Records for processing —
__________
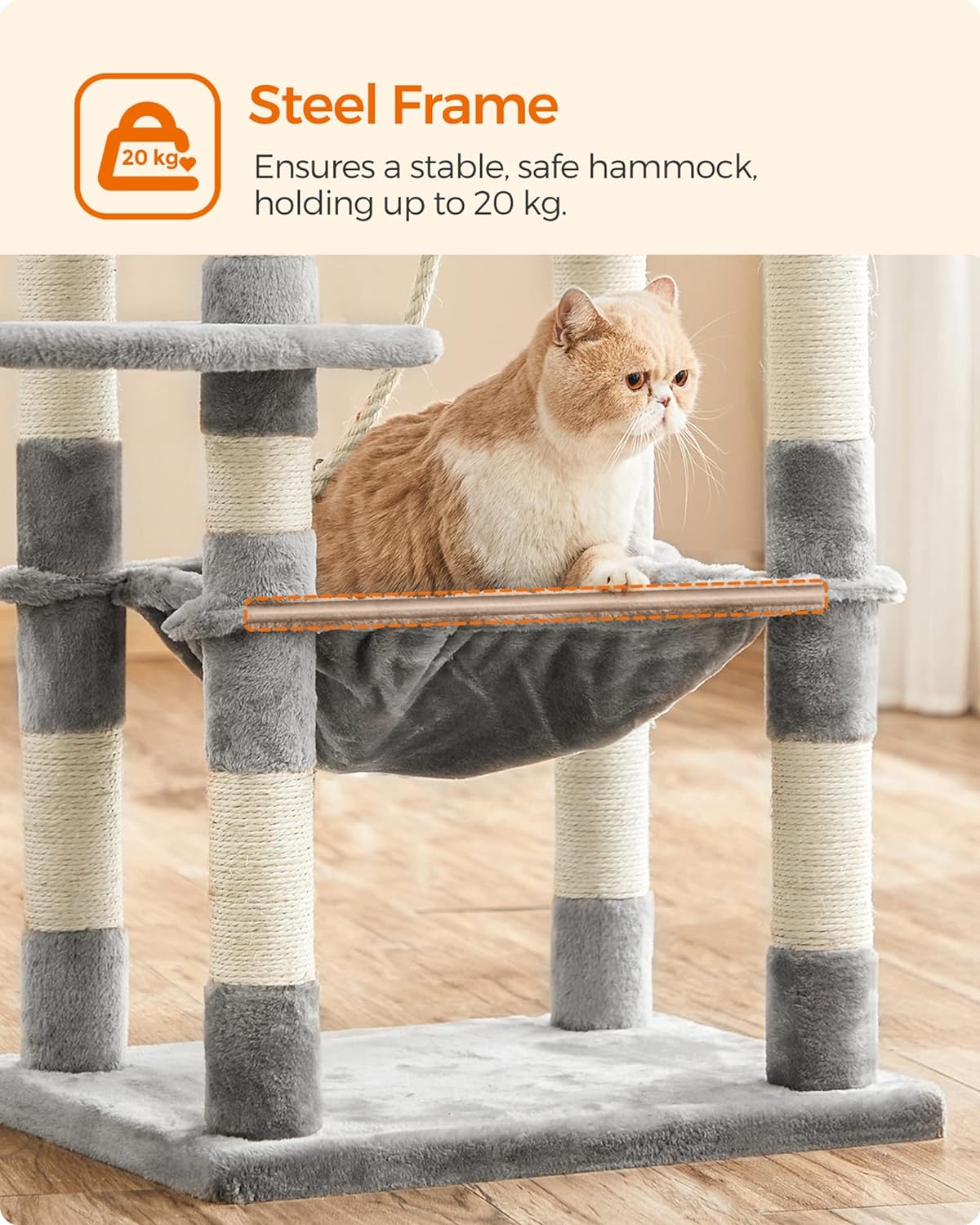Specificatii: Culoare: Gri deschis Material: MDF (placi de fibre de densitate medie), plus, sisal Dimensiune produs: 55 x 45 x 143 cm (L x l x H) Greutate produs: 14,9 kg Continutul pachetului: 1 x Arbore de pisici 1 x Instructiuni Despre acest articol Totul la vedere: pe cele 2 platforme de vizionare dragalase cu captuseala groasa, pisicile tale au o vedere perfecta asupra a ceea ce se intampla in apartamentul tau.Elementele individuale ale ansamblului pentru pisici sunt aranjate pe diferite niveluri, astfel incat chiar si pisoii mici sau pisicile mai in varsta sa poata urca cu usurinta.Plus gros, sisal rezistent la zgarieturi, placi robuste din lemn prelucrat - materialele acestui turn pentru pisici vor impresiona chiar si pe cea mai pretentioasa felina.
__________
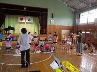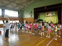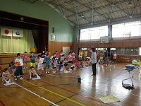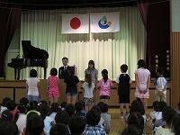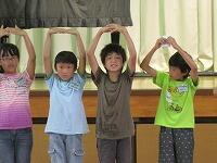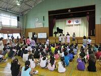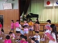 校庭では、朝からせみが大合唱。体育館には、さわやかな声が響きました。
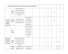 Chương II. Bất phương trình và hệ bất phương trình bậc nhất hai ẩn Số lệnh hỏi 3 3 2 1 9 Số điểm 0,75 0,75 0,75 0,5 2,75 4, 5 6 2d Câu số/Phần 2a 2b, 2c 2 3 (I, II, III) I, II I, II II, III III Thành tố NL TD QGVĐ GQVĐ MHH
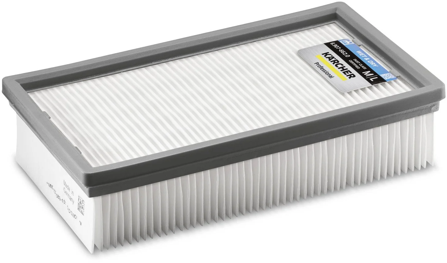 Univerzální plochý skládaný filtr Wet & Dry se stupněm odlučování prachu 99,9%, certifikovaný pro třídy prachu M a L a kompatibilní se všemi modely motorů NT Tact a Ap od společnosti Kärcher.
__________
What to do — Exactly the lines starting at the one above with "校庭では、朝からせみが大合唱。体育館には、さわやかな声が響きました。" and ending at the one with "Univerzální plochý skládaný" should be printed, and nothing else. Omit the pictures.

Expected answer —
 校庭では、朝からせみが大合唱。体育館には、さわやかな声が響きました。
 Chương II. Bất phương trình và hệ bất phương trình bậc nhất hai ẩn Số lệnh hỏi 3 3 2 1 9 Số điểm 0,75 0,75 0,75 0,5 2,75 4, 5 6 2d Câu số/Phần 2a 2b, 2c 2 3 (I, II, III) I, II I, II II, III III Thành tố NL TD QGVĐ GQVĐ MHH
 Univerzální plochý skládaný filtr Wet & Dry se stupněm odlučování prachu 99,9%, certifikovaný pro třídy prachu M a L a kompatibilní se všemi modely motorů NT Tact a Ap od společnosti Kärcher.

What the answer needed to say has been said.